А паровозик все не появляется.

Может, еще появится?

Всё будет прекрасно!

Весельчаки - i_015.jpg

Ника был вовсе не маленький мальчик. Он даже в школу ходил. Знал почти все буквы. Наверняка он не маленький был, а большой.

Но… Он не мог сам одеваться. Его одевали папа с мамой. Папа с мамой его оденут, и он идёт в школу, так, словно он сам оделся. А раздеваться он почему-то мог. Это он умел делать вполне. У него получалось это.

Папа с мамой, бывало, ему говорят:

— Ведь ты сам разделся. Теперь сам попробуй одеться. Точно так же, как раздевался.

А он машет руками, ногами стучит. Согласиться не хочет. И зря… Вот что вышло.

Был урок физкультуры. Наш Ника разделся со всеми. Побегал, попрыгал. Потом урок кончился, все оделись.

А Ника не знает, что делать. Он сам ведь не может одеться. Его должны мама с папой одеть. А их нету. Они дома. Как же они его оденут?

Держит Ника под мышкой штаны и рубашку.

И ждёт чего-то. Но ждать-то нечего. Кого ждать?

Пришлось ему самому одеться.

Он надел туфли не на ту ногу. Задом наперед рубашку. А штаны так и не смог надеть.

Так и пошел домой в трусиках. Со штанами в руках.

Хорошо ещё была осень.

А если бы вдруг зима была?

Самому надо делать все с самого детства.

И всё тогда будет прекрасно!

Маленький красный карандашик

Отец искал красный карандаш и не мог найти, а ему надо было что-то подчёркивать.

Он искал по всей квартире и беспрерывно спрашивал мать, не видала ли она.

— Я видала, Миша играл твоим карандашом. Ну, что молчишь? — сказала мне мама. — Где карандаш?
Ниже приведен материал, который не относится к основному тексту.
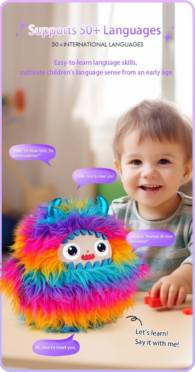 The Monster Ledodo plush toy can speak multiple languages: English, Spanish, Chinese, Korean, Japanese, Russian, Vietnamese, and more. You can switch between them on your phone. This way, Monster Ledodo can be your child’s constant companion, answering questions, playing games, and soothing them. It can also serve as a language learning tool.

Давай сюда. Давай, давай, видишь, он нужен отцу, он ведь ищет!

— Нету! — сказал я.

— Где же?

— Съел.

— Ах, он его проглотил! Так я и знала: он что-нибудь проглотит! У меня давно было нехорошее предчувствие.

Мама завопила на весь дом, и к нам сбежались соседи — никогда у нас дома столько народу не было. Они узнали, в чём дело, и по очереди стали смотреть мне в рот.

— Я совершенно ничего там не вижу, — сказал один сосед.

— Нужно сделать рентген. И тогда станет ясно. А пока пусть гуляет, — сказал другой сосед.

Мама спросила:

— Не опасно гулять с цветным карандашом в животе?

— Конечно нет. Он ведь не взорвётся. Если я как врач что-нибудь понимаю в цветных карандашах. — И он подмигнул мне. Я почувствовал в подмигивании что-то особенное. Оно мне понравилось, и сразу захотелось, чтобы он ещё раз мне подмигнул. Я специально стал смотреть ему прямо в глаза. — Врачи иногда ошибаются. Тут очень странный случай. И может быть, сложный. Нужно как следует подумать, прежде чем посылать его гулять.

Соседи думали. Врач загадочно улыбался. Я неотступно стоял перед ним. Ему стало не по себе, он отошёл в сторону. Я кинулся за ним следом, обогнал, стал напротив и гляжу прямо в глаза.

Одна молодая мать сказала:

— Мой ребёнок никогда ничего не глотал, а тем более карандаши. Я не знаю, что сказать в таком случае.

Старик сказал:

— Однажды я проглотил красное стекло. Я тогда чуть не умер. Но ничего, пронесло. И сейчас я, как видите…

Моя мама опять завопила:

— Боже мой, весь целиком длинный карандаш! И он был красного цвета!.. Что теперь с ним будет?

Маленькая девочка сказала:

— Нужно пощупать его живот. Если карандаш весь целиком — он ведь длинный, — его можно прощупать.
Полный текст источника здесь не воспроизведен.